> What is needed: Using the records below, transcribe exactly only the lines from the one with "2013年6月26日上午,中" through the end, both included, and drop every picture.

[Dataset records]
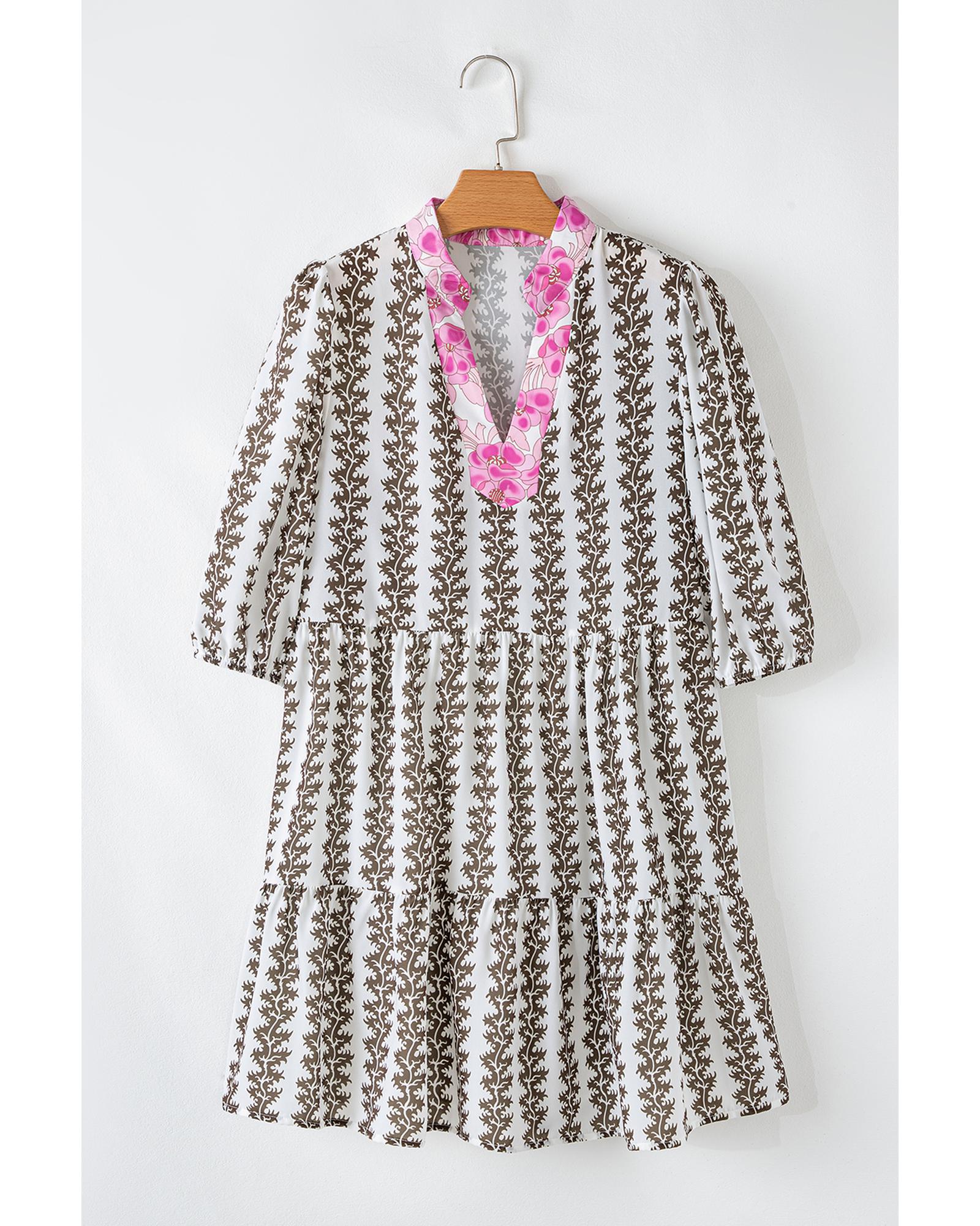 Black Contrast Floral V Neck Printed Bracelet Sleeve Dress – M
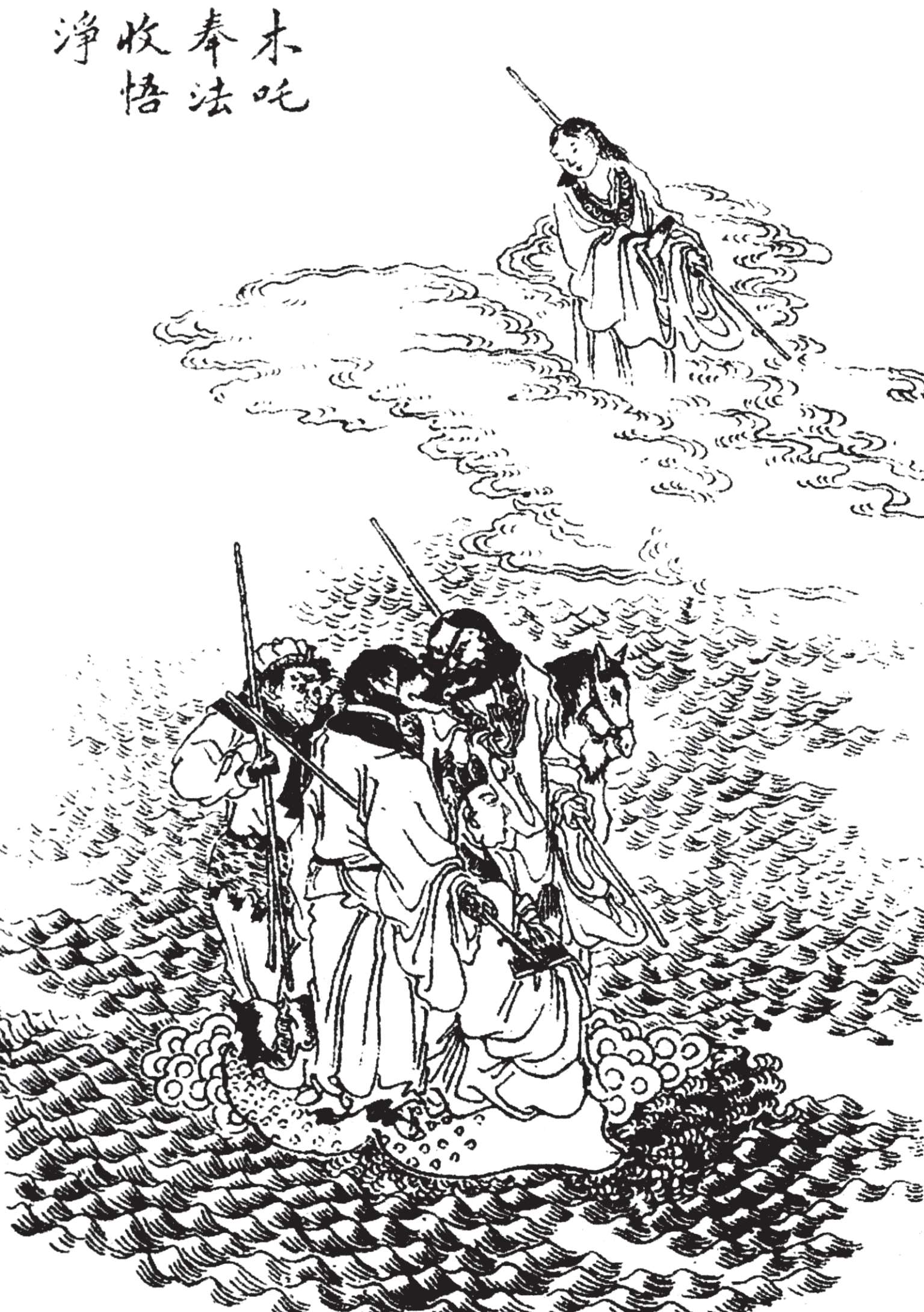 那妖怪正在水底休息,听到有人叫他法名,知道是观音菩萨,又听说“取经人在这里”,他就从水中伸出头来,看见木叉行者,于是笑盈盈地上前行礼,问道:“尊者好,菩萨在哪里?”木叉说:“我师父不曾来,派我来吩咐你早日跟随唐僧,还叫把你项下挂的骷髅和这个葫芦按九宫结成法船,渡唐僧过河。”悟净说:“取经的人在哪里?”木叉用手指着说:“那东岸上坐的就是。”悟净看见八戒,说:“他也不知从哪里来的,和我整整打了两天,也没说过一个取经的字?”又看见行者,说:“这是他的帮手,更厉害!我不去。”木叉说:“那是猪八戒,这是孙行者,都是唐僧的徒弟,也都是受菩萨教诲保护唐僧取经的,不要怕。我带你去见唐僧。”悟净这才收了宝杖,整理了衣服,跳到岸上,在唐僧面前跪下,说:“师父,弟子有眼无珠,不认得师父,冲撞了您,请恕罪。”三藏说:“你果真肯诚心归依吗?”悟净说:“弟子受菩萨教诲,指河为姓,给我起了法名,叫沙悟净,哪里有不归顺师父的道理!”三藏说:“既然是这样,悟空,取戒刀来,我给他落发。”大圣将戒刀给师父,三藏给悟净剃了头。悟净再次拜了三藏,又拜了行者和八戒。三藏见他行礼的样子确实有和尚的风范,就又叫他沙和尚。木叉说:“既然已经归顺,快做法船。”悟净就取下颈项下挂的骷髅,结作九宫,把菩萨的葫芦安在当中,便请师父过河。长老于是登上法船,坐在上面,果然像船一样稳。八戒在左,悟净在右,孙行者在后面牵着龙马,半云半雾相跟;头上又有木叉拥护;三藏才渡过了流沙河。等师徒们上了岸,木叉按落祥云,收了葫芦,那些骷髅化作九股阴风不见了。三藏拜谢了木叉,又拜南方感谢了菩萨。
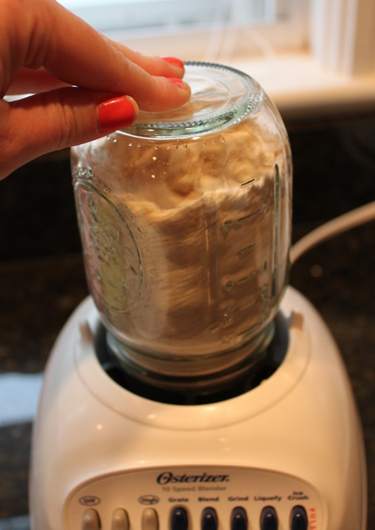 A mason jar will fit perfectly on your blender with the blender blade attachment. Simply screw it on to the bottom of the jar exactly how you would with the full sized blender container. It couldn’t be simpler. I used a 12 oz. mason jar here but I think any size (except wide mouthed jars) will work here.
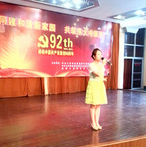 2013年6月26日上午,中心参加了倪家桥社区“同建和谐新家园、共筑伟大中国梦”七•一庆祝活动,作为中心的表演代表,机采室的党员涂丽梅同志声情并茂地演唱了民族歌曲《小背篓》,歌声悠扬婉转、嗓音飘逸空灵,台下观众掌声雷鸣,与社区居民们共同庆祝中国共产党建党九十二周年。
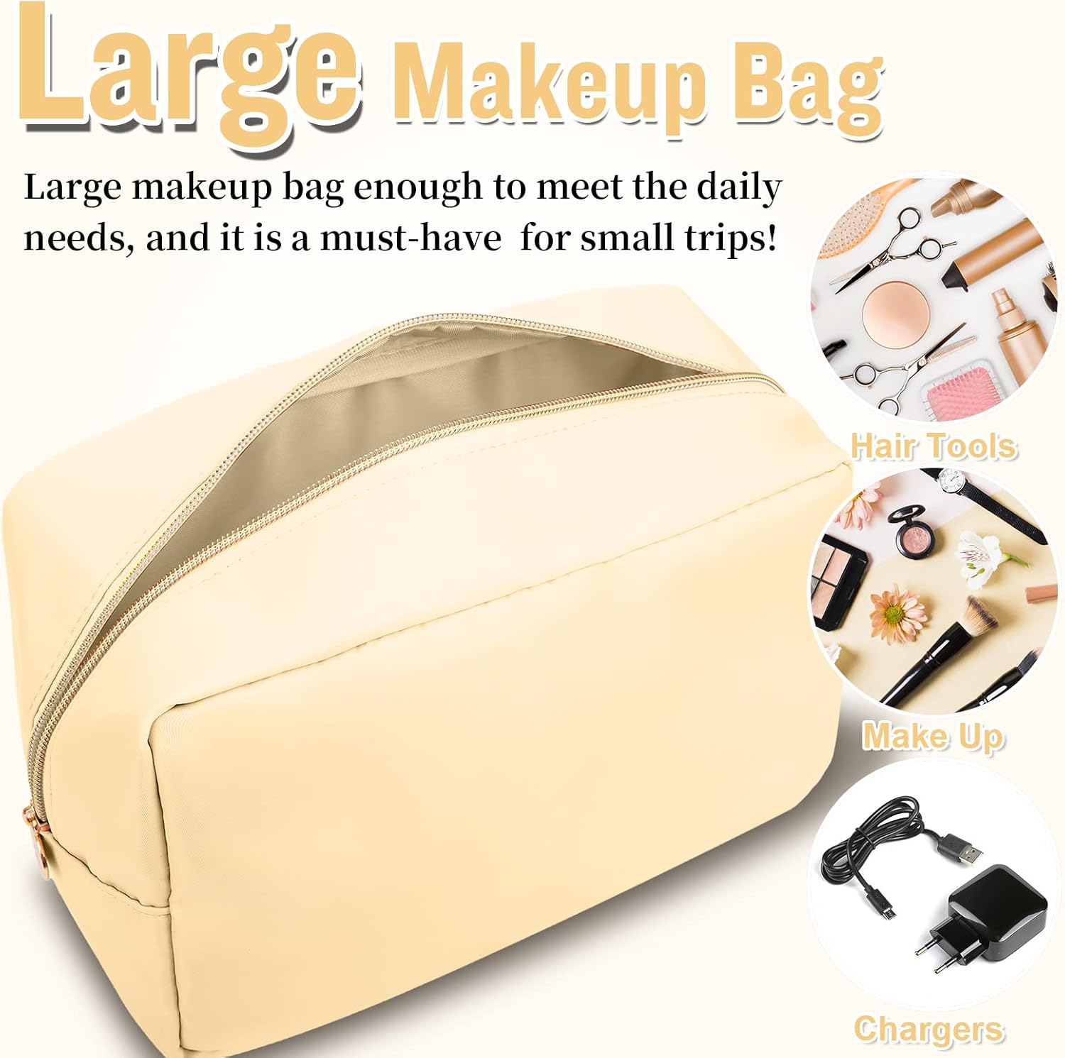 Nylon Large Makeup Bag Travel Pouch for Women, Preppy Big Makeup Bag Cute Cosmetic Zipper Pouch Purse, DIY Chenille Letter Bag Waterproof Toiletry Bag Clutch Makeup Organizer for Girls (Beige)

> Response:
 2013年6月26日上午,中心参加了倪家桥社区“同建和谐新家园、共筑伟大中国梦”七•一庆祝活动,作为中心的表演代表,机采室的党员涂丽梅同志声情并茂地演唱了民族歌曲《小背篓》,歌声悠扬婉转、嗓音飘逸空灵,台下观众掌声雷鸣,与社区居民们共同庆祝中国共产党建党九十二周年。
 Nylon Large Makeup Bag Travel Pouch for Women, Preppy Big Makeup Bag Cute Cosmetic Zipper Pouch Purse, DIY Chenille Letter Bag Waterproof Toiletry Bag Clutch Makeup Organizer for Girls (Beige)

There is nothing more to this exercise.